# Is it possible that my 8 month old cockatiel has already found a mate?



## Luti-Kriss (Dec 23, 2009)

So I'm having another problem with my 'tiels. 

The problem is they're looking way too attached to be opposite sex birds. 
And the breeder I bought them from insisted me they were both males....

I'm thinking they may already be "mates" cuz of their behavior. The "Female" has been bowing her head to the male. She's not anywhere near as vocal as the male. She freaks out whenever I take the male out of site. The male was singing to her a few times. And he's also bowed his head to her a few times. And lastly, I just separated them a few days ago into their own cages right? Before I did so the "Female" was starting to be really sweet to me. She'd let me pet her and pick her up, but now since the separation she wants nothing to do with me. She's been hissing at me if I so much as come near her. 

So I'm thinking these birds might be "mates"... 
Only problem is that the "Female" is only 8 months old... Is it even possible for birds to mate that early?


----------



## LuvMyTiels (Dec 31, 2009)

Can you post pictures of them? My female is approximatly 6 months old and she turns into a hussy when she hears my male sing. That is young though. At 8 months your female is entering puberty. If you post pictures we could try to tell the sex.


----------



## seaofdreams (Dec 29, 2009)

They may be bonded but not necessarily in a sexual way. Also they don't need to be opposite sexes to form a bond, I have a bonded pair of hens despite there being two other unbonded males in the aviary, haha.


----------



## Kerry78 (May 25, 2009)

My female is a tart she has 2 Boys with her,
luckily for me my youngest boy isn't fully qualified thankgod 

but my 5 year old boy is lol

It sounds like they have bonded how long were they together in the cage for?
tiels often call to one another if one is away out of sight, they often do it to people so if uyou call back sometimes it helps


----------



## Luti-Kriss (Dec 23, 2009)

LuvMyTiels said:


> Can you post pictures of them? If you post pictures we could try to tell the sex.

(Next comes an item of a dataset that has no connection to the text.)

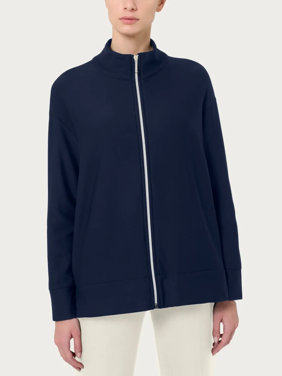 Felpa con zip in Eco techno Fleece – Bleu
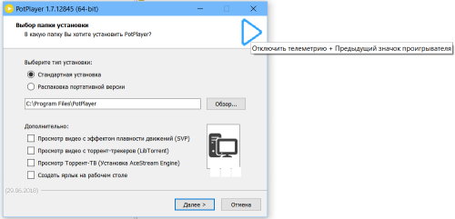 Мо способ - так же вполне себе способ )) А "справа от "Выбор папки установки" нажать на жёлтую (новую) иконку ("Отключить телеметрию + Предыдущий значок проигрывателя") тоже прикольно.

The one on the left is the one I suspect is female. She's a whiteface pied.
And the pastelface on the right is obviously a male. Lol


----------



## Luti-Kriss (Dec 23, 2009)

Kerry78 said:


> How long were they together in the cage for?


About a week in the cage I got for them.

The one I suspect is female is only 8 months old.
The other one is 1 year & 8 months. The younger one has been around the older one who is a male along with 2 other supposed males ever since he/she was bought from the breeder. So maybe he/she is just attached to my other bird? He is the oldest of the whole group that used to be with the former owner.


----------



## allen (Aug 25, 2007)

ok at this stage at 8 months can they be a bonded pair YES i have had some that tried to mate at 9-11 months old but the recomended is 18 months the only sure way to see if your teils are same sex is dna test a dna test is 99.9 % acurate another posible way is to no what her parents are but that is not as acurate as dna


----------



## Luti-Kriss (Dec 23, 2009)

Yeah I'm planning on getting that one DNA sexed really soon here. I need to send off for the kit and all still.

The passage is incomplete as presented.